HOW TO COMPLETE THIS TASK:
Entries follow. Give back exactly the lines starting at the one containing "- Covered Deck/Patio, Deck/Patio, Lawn, Natural, Outdoor" and ending at the one containing "AIベースのWeb3検索プラ", and no other lines.

RECORDS SUPPLIED:
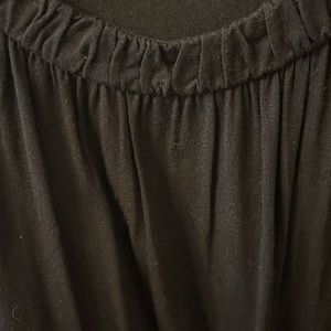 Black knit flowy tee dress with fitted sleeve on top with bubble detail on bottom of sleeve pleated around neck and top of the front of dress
--
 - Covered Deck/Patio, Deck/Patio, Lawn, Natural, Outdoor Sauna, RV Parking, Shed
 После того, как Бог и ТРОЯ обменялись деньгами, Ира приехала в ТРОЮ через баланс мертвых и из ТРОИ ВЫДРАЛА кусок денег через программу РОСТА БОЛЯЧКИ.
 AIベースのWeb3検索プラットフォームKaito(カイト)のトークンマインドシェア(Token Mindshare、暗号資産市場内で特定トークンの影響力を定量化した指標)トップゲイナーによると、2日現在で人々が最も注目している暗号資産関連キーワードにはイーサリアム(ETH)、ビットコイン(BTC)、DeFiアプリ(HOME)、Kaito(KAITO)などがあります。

RESULT OF THE TASK:
 - Covered Deck/Patio, Deck/Patio, Lawn, Natural, Outdoor Sauna, RV Parking, Shed
 После того, как Бог и ТРОЯ обменялись деньгами, Ира приехала в ТРОЮ через баланс мертвых и из ТРОИ ВЫДРАЛА кусок денег через программу РОСТА БОЛЯЧКИ.
 AIベースのWeb3検索プラットフォームKaito(カイト)のトークンマインドシェア(Token Mindshare、暗号資産市場内で特定トークンの影響力を定量化した指標)トップゲイナーによると、2日現在で人々が最も注目している暗号資産関連キーワードにはイーサリアム(ETH)、ビットコイン(BTC)、DeFiアプリ(HOME)、Kaito(KAITO)などがあります。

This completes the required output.